Primeira testemunha de acusação a depor, Dias cumpria pena por roubo na ocasião e teve o nariz quebrado durante o tumulto, segundo ele, após levar uma paulada por um policial, quando ia até o pátio do presídio, ordenado pela PM. Ele, que aparentava estar bastante nervoso e se emocionou durante o depoimento, pediu para depor sem a presença dos réus, que foram retirados do plenário. O sobrevivente negou que os presos estivessem armados e disse que todas as facas - fabricadas com barras de ferro das celas - foram jogadas pelas janelas quando se espalhou a notícia de que a polícia invadiria a prisão.
"Em cinco anos que fiquei preso lá, eu nunca vi nenhuma arma (de fogo). Nem facas eles tinham mais, porque jogaram pelas janelas antes da polícia chegar", afirmou Dias, que comparou as rajadas de metralhadora ouvidas ao "som contínuo de um ferro batendo em lata".

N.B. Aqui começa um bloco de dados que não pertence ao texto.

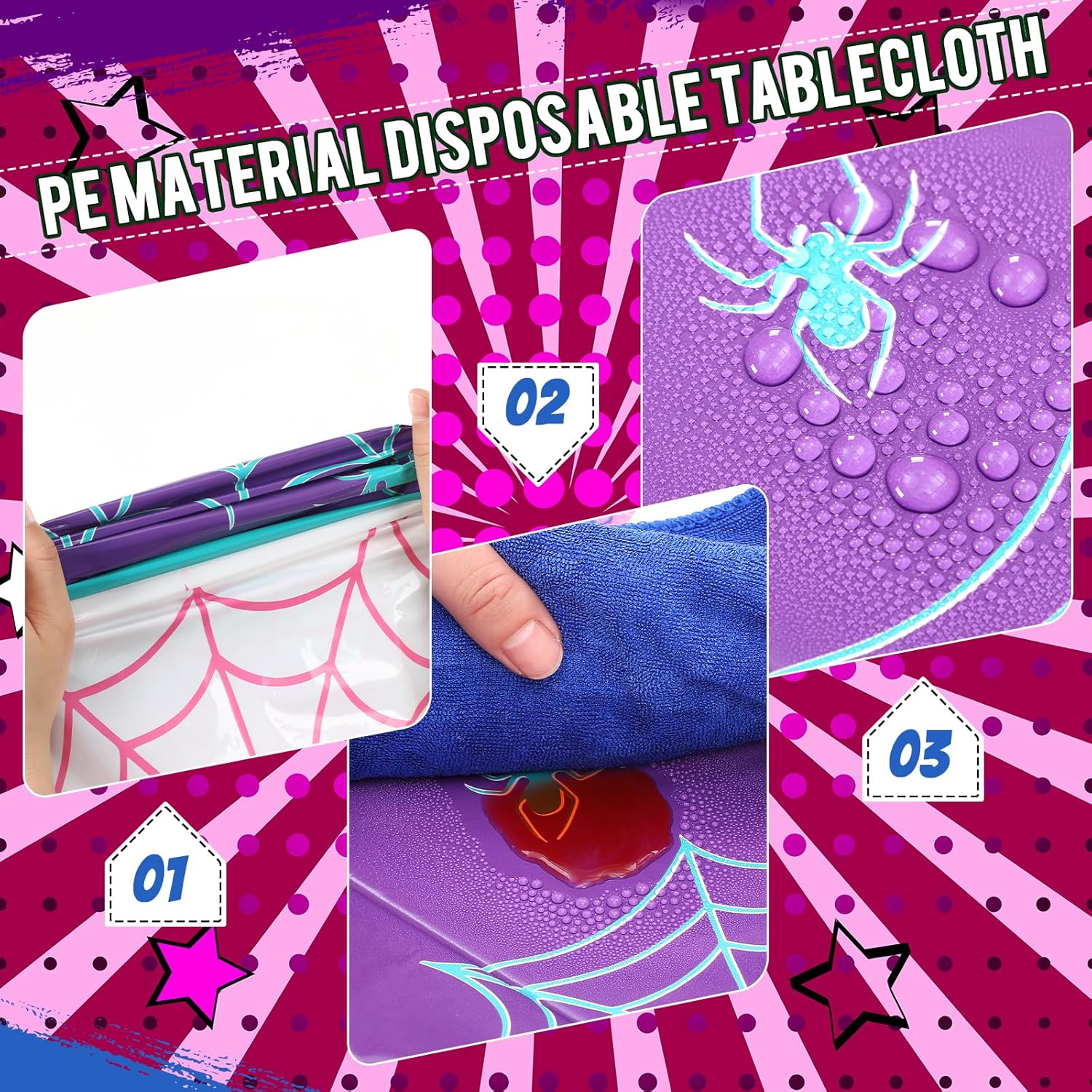 - Durable Material: experience quality with our spider themed birthday table covers; Made from sturdy and reliable plastic, these rectangular tablecloths are waterproof, keeping your tables dry and clean; They're easy to clean, saving you valuable time during party preparations

Dias relatou ainda que deveria ter cumprido cerca de 1 ano e 8 meses de prisão, mas foi "esquecido" pela Justiça no Carandiru e acabou ficando cinco anos na Casa de Detenção. Para o sobrevivente, o número de vítimas foi bem maior que o divulgado pelo governo do Estado, na época, comandado por Luiz Antônio Fleury Filho.

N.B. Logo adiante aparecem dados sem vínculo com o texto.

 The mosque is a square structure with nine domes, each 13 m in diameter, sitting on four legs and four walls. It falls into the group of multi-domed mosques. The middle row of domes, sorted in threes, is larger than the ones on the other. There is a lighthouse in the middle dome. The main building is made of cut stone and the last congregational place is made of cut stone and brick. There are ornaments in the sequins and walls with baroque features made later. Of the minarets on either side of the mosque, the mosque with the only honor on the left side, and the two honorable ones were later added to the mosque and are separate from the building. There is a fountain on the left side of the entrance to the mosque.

"Tem um detalhe que poucas pessoas viram. Eu vi, porque depois fui para o 5º andar, vários corpos em cima de uma caçamba. (...) Só os corpos que eu vi entre o segundo andar e o pátio já dava 100 pessoas. Muita gente não tinha visita, não tinha família. Tinha muitos nessa condição. Eu acredito que, no mínimo, morreu o dobro do que eles falaram. Eu estive lá, eu presenciei", afirmou. "Eu acredito que quem não tinha visita, era "indigente", foi descartado como lixo", disse.
Vida após a prisão
Como a maioria dos presos do pavilhão 9, Dias era réu primário quando o episódio ocorreu. Acusado por roubo, ele foi condenado a 8 anos de prisão, teria de cumprir menos dois anos em detenção, mas permaneceu cinco anos preso. Ele nega ter participado do crime pelo qual foi condenado e disse ter sido torturado pela polícia a confessar o envolvimento. O crime teria ocorrido em 1990, mas ele aguardou em liberdade pelo julgamento e foi preso em 1992.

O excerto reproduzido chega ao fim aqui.